Computational Learning Theory
Northwestern University Winter 2007 Machine Learning EECS Machine Learning Lecture 13: Computational Learning Theory.
Analysis of greedy active learning Sanjoy Dasgupta UC San Diego.
Measuring Model Complexity (Textbook, Sections ) CS 410/510 Thurs. April 27, 2007 Given two hypotheses (models) that correctly classify the training.
Vapnik-Chervonenkis Dimension
1 How to be a Bayesian without believing Yoav Freund Joint work with Rob Schapire and Yishay Mansour.
Vapnik-Chervonenkis Dimension Definition and Lower bound Adapted from Yishai Mansour.
Vapnik-Chervonenkis Dimension Part II: Lower and Upper bounds.
Introduction to Machine Learning course fall 2007 Lecturer: Amnon Shashua Teaching Assistant: Yevgeny Seldin School of Computer Science and Engineering.
Introduction to Boosting Aristotelis Tsirigos SCLT seminar - NYU Computer Science.
1 Computational Learning Theory and Kernel Methods Tianyi Jiang March 8, 2004.
Decision Trees and more!. Learning OR with few attributes Target function: OR of k literals Goal: learn in time – polynomial in k and log n –  and 
Experts and Boosting Algorithms.

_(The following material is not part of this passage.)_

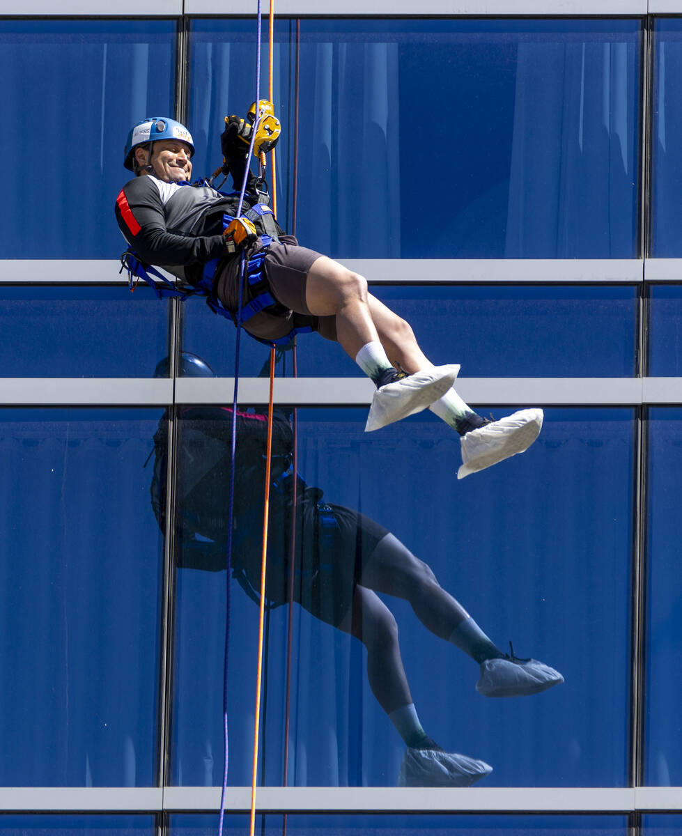 Rappeller Ted Miller with Credit One slides down from the roof at the Opal Tower at Virgin Hotels Las Vegas as Junior Achievement of Southern Nevada partners with Over The Edge as a fundraiser for its financial literacy programs for local K-12 students on Saturday, April 23, 2022, in Las Vegas. (L.E. Baskow/Las Vegas Review-Journal) @Left_Eye_Images

Experts: Motivation Given a set of experts –No prior information –No consistent behavior –Goal: Predict as the best expert.

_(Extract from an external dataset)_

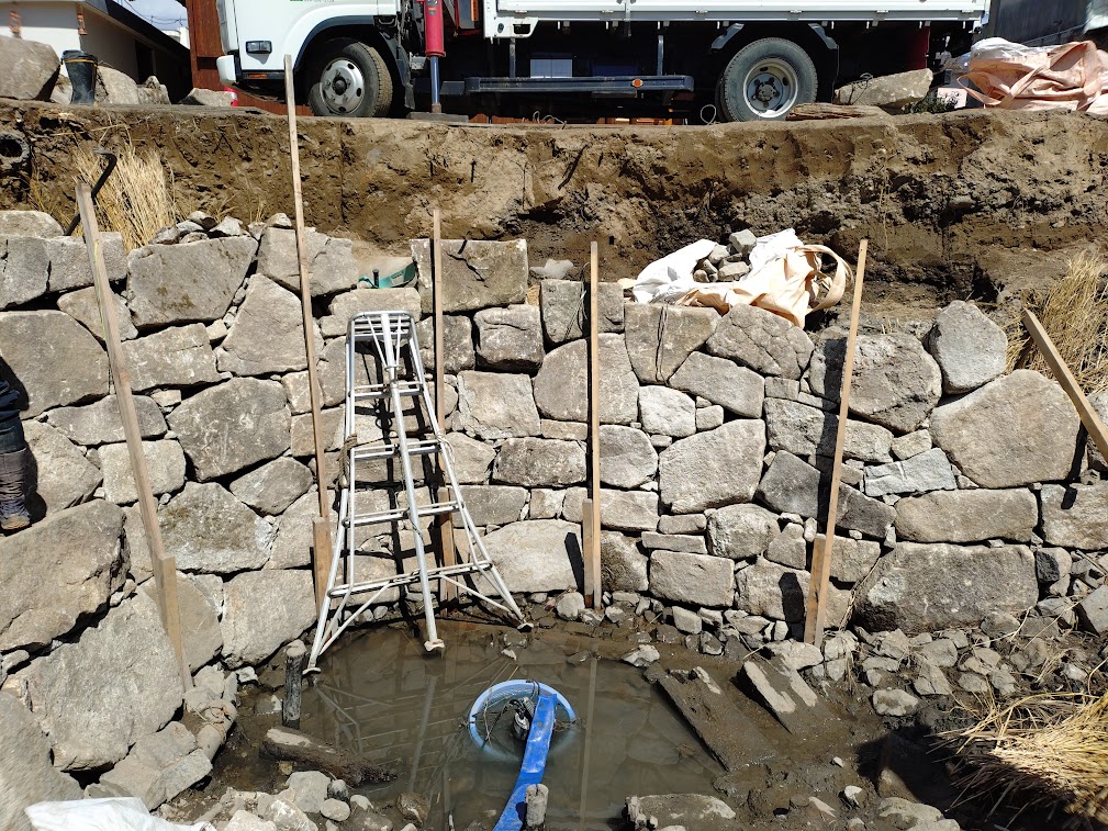 来間池ガーデンの入口は、既存のコンクリートの擁壁の間の門扉を開けると、迫力ある石墨が現れます。足元からはきれいな水が湧き出していて、小さな池になる予定。

Probably Approximately Correct Learning (PAC) Leslie G. Valiant. A Theory of the Learnable. Comm. ACM (1984)
CS Bayesian Learning1 Bayesian Learning. CS Bayesian Learning2 States, causes, hypotheses. Observations, effect, data. We need to reconcile.
Support Vector Machines
PAC learning Invented by L.Valiant in 1984 L.G.ValiantA theory of the learnable, Communications of the ACM, 1984, vol 27, 11, pp
Machine Learning1 Machine Learning: Summary Greg Grudic CSCI-4830.
C. – C. Yao Data Structure. C. – C. Yao Chap 1 Basic Concepts.
Random Sampling, Point Estimation and Maximum Likelihood.
Hardness of Learning Halfspaces with Noise Prasad Raghavendra Advisor Venkatesan Guruswami.
ECE 8443 – Pattern Recognition Objectives: Error Bounds Complexity Theory PAC Learning PAC Bound Margin Classifiers Resources: D.M.: Simplified PAC-Bayes.
Universit at Dortmund, LS VIII
Unsolvability and Infeasibility. Computability (Solvable) A problem is computable if it is possible to write a computer program to solve it. Can all problems.
Boosting and other Expert Fusion Strategies. References Chapter 9.5 Duda Hart & Stock Leo Breiman Boosting Bagging Arcing Presentation.
Introduction to Machine Learning Supervised Learning 姓名 : 李政軒.
1 Machine Learning: Lecture 8 Computational Learning Theory (Based on Chapter 7 of Mitchell T.., Machine Learning, 1997)
Computational Learning Theory IntroductionIntroduction The PAC Learning FrameworkThe PAC Learning Framework Finite Hypothesis SpacesFinite Hypothesis Spaces.
Boosting and Differential Privacy Cynthia Dwork, Microsoft Research TexPoint fonts used in EMF. Read the TexPoint manual before you delete this box.: A.
Concept learning, Regression Adapted from slides from Alpaydin’s book and slides by Professor Doina Precup, Mcgill University.
ETHEM ALPAYDIN © The MIT Press, Lecture Slides for.
Goal of Learning Algorithms  The early learning algorithms were designed to find such an accurate fit to the data.  A classifier is said to be consistent.
Machine Learning Tom M. Mitchell Machine Learning Department Carnegie Mellon University Today: Computational Learning Theory Probably Approximately.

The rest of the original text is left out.